Saturday June 17, 2017.
PVS has been voyaging since their maiden voyage to Tahiti in 1976. Anthony Quintano/Civil Beat/2017

In navigating these relationships, Kamalu looks to veteran women voyagers, like Kaiulani Murphy from Waimea on Hawaii island, who was the top student at Honolulu Community College’s Marine Education and Training Center when Kamalu began her journey. 

“In all my time, I’ve never felt like it was ever differentiated, whether you can do something or whether you can sail because you’re wahine (female),” said Murphy, who has been sailing on Hokulea since she was 19. “It’s a beautiful balance.”

She likens the balance to the relationship between two hulls that together keep a double-hulled canoe afloat. 

On each hull is fastened a kii, a carved statue that represents akua, or gods and venerated ancestors. 

Hokulea has a female kii on one hull and a male kii on the other. The male kii represents knowledge, but does not have eyes – the wahine does. He needs her to navigate to reach the destination. 

“In continuing this ike (knowledge), it doesn’t matter if you’re kane (male) or wahine,” she added. “It’s about meeting that balance.”

Charting The Future

Murphy also began volunteering as a student at UH Manoa and became Thompson’s assistant upon graduation. 

Since her first sail in 1998, she has been involved in nearly every deep-sea voyage, from navigating to coordinating educational outreach. But her favorite voyages have been the interisland trips, where she has built relationships with a growing local voyaging community.

“It’s awesome to be able to go to every island and have a home to stay at, to have family everywhere,” she said.
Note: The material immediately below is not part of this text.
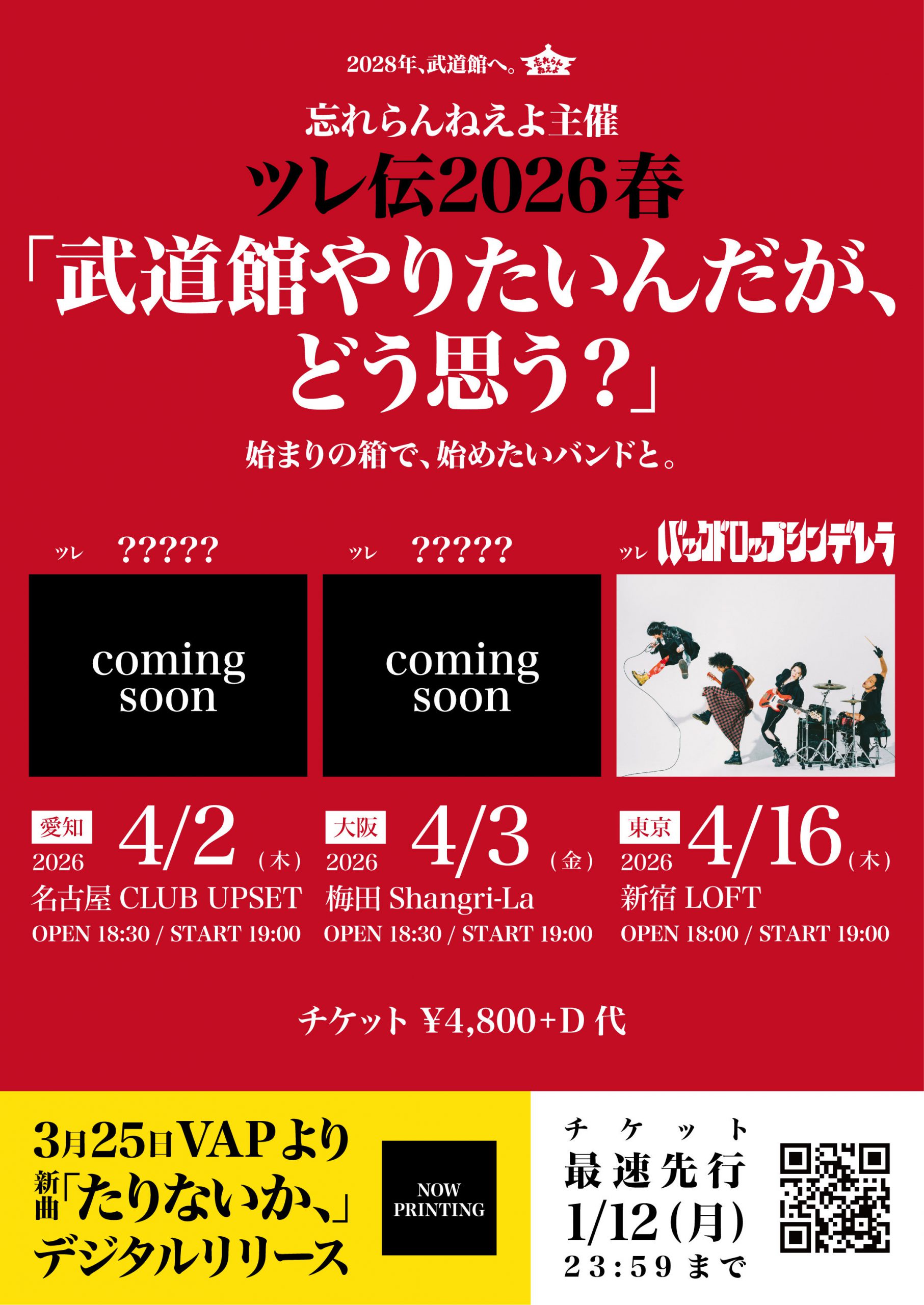 忘れらんねえよ主催 ツレ伝2026春 ~武道館やりたいんだが、どう思う?~ ツレ第一弾解禁!!

Murphy hopes that Hokulea will inspire the next generation of voyagers to perpetuate the knowledge that had once been lost.

Women at the Helm, Hokulea
Navigator Murphy and Captain Pomai Bertelmann sail Hokulea on a 2017 voyage from Tahiti to Hawaii. Courtesy: The Polynesian Voyaging Society

Over the next six years, PVS’ Moananuiakea Voyage to circumnavigate the Pacific will require all hands on deck, men and women alike.

Pomai Bertelmann, crew member of Hokulea and Makalii from Waimea, Hawaiʻi, believes that Hokulea’s legacy lies in making voyaging accessible to all.

“What matters is that we make the canoe available for everybody, that there are no conditions on who can become a part of this,” she said.